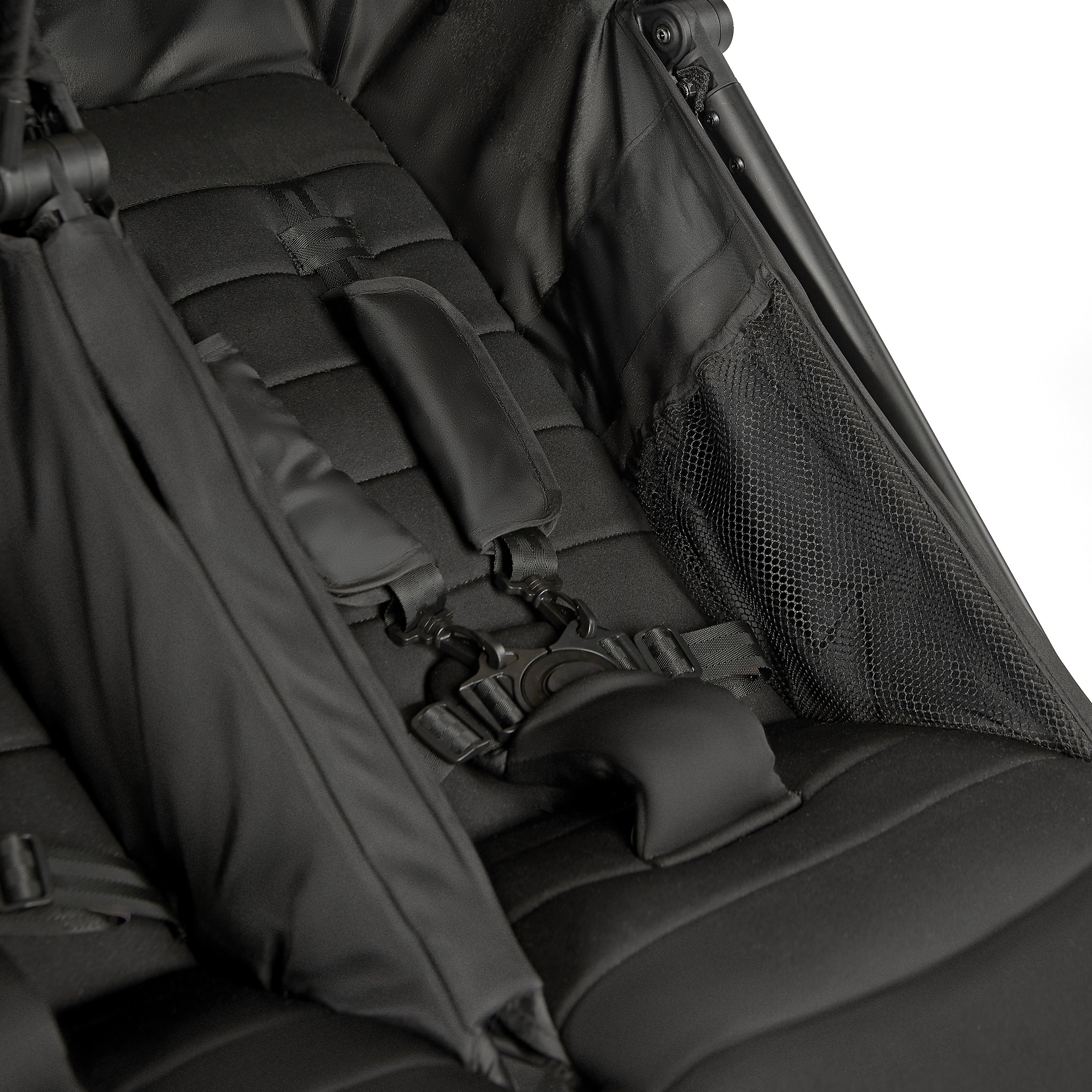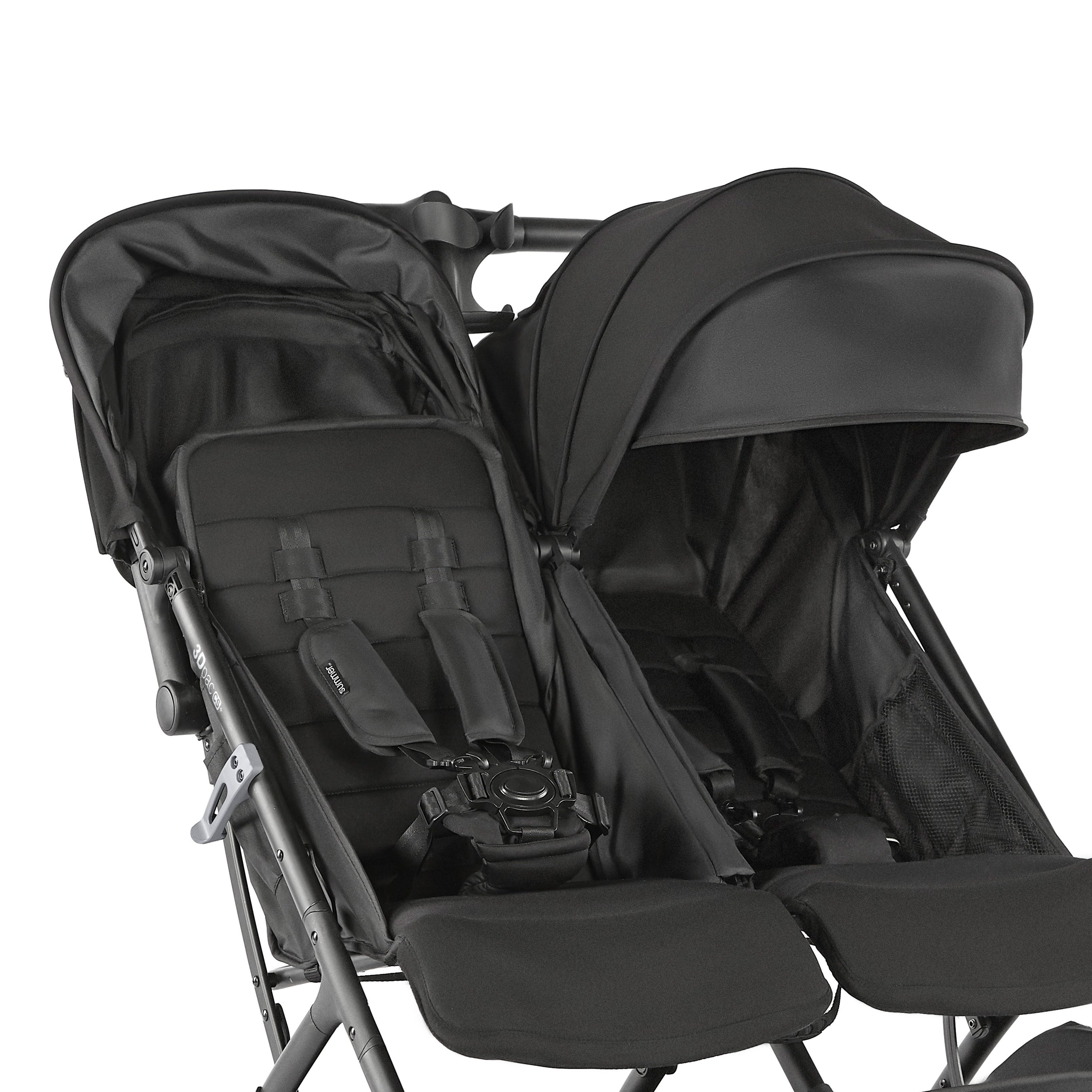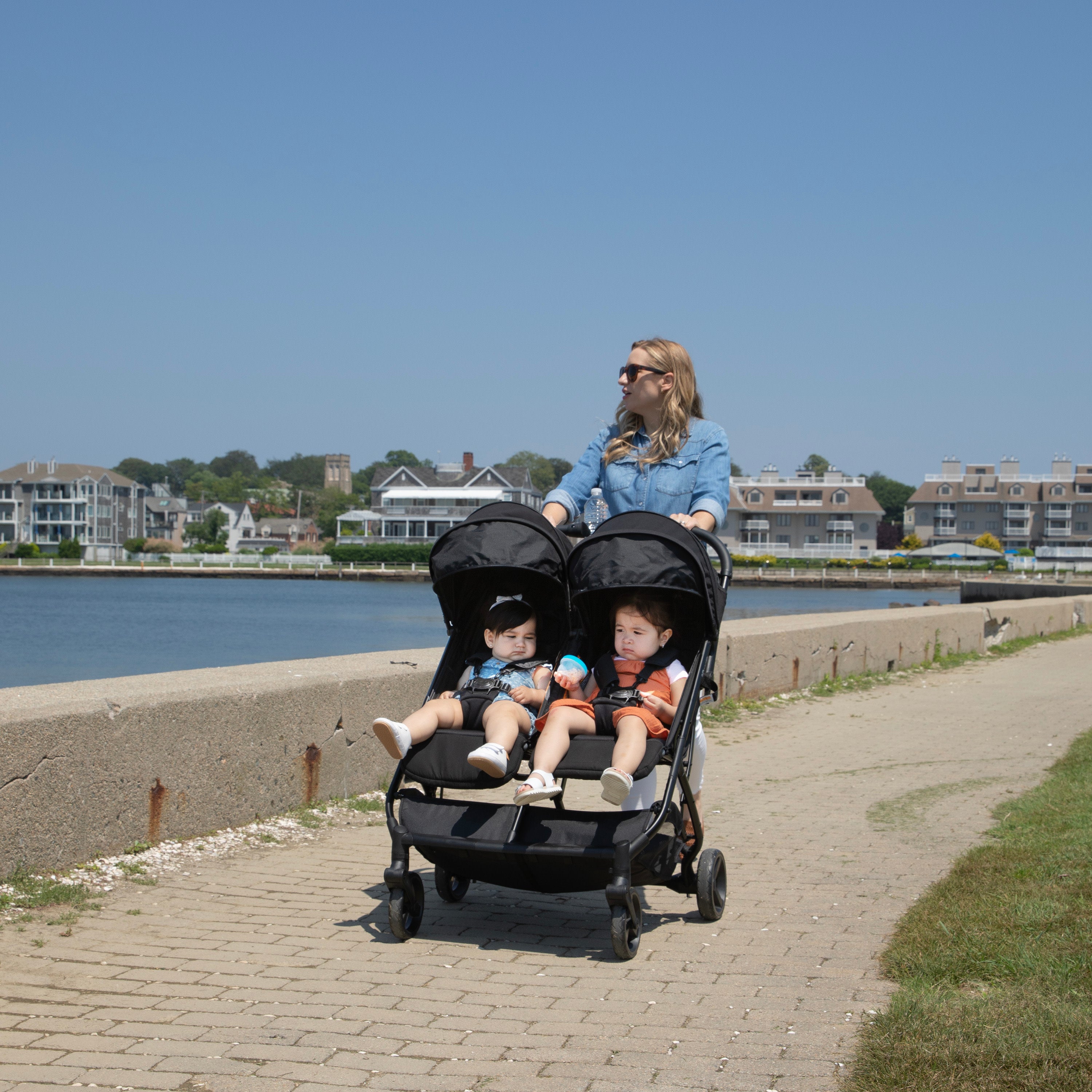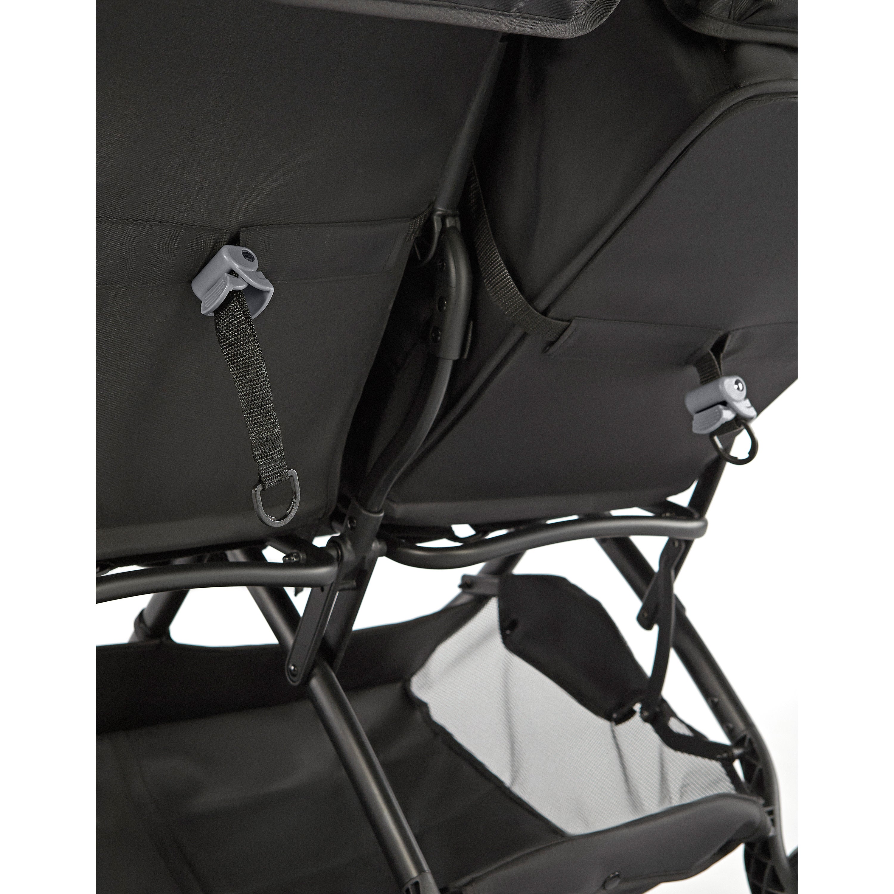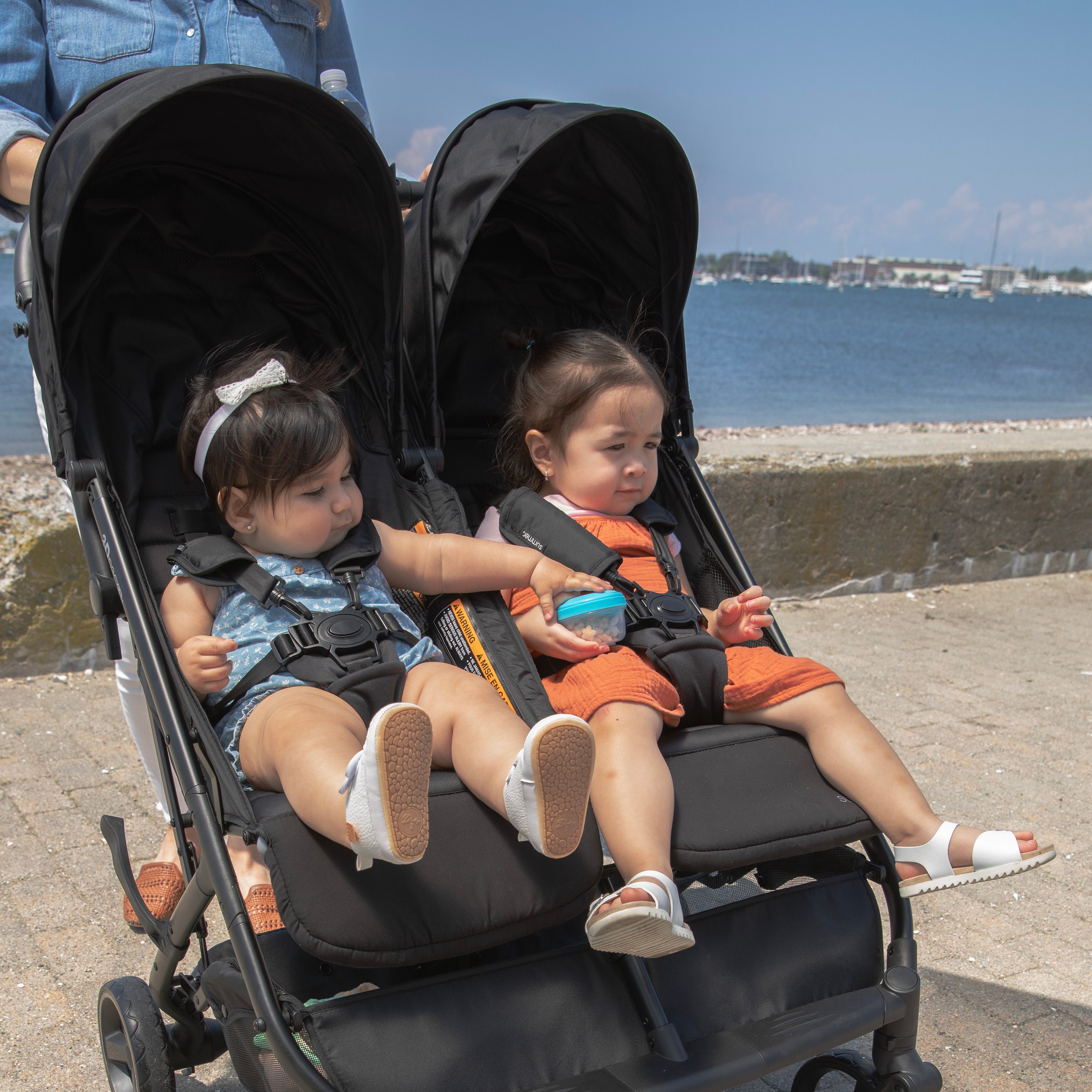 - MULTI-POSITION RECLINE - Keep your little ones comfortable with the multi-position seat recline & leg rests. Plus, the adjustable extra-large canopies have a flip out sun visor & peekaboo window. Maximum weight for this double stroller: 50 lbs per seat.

# # #

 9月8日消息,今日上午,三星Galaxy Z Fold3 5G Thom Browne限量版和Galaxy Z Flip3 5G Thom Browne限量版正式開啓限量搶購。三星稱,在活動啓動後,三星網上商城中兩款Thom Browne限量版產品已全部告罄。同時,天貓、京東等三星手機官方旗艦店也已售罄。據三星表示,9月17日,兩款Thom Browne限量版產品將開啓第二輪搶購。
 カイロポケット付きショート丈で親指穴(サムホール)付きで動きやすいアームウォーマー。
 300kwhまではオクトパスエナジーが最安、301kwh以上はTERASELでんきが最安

# # #

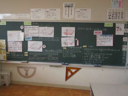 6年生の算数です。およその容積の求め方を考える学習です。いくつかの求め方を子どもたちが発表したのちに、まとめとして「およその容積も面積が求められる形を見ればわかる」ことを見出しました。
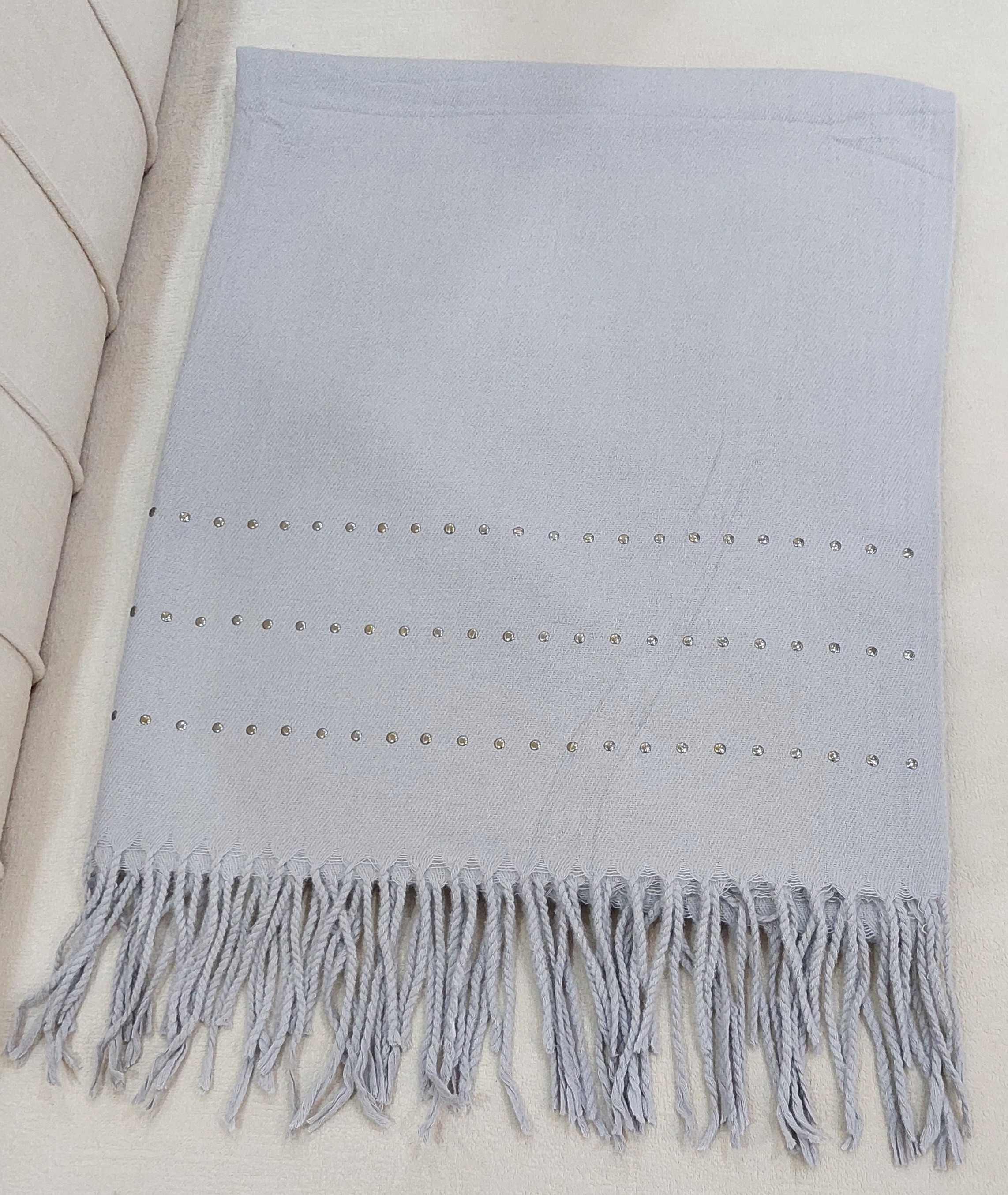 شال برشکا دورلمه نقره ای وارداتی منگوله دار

# # #

PROBLEM TO SOLVE
Quote the listing above, but only from the line that shows "カイロポケット付きショート丈" through the line that shows "300kwhまではオクトパス".

RESPONSE TO THE TASK
 カイロポケット付きショート丈で親指穴(サムホール)付きで動きやすいアームウォーマー。
 300kwhまではオクトパスエナジーが最安、301kwh以上はTERASELでんきが最安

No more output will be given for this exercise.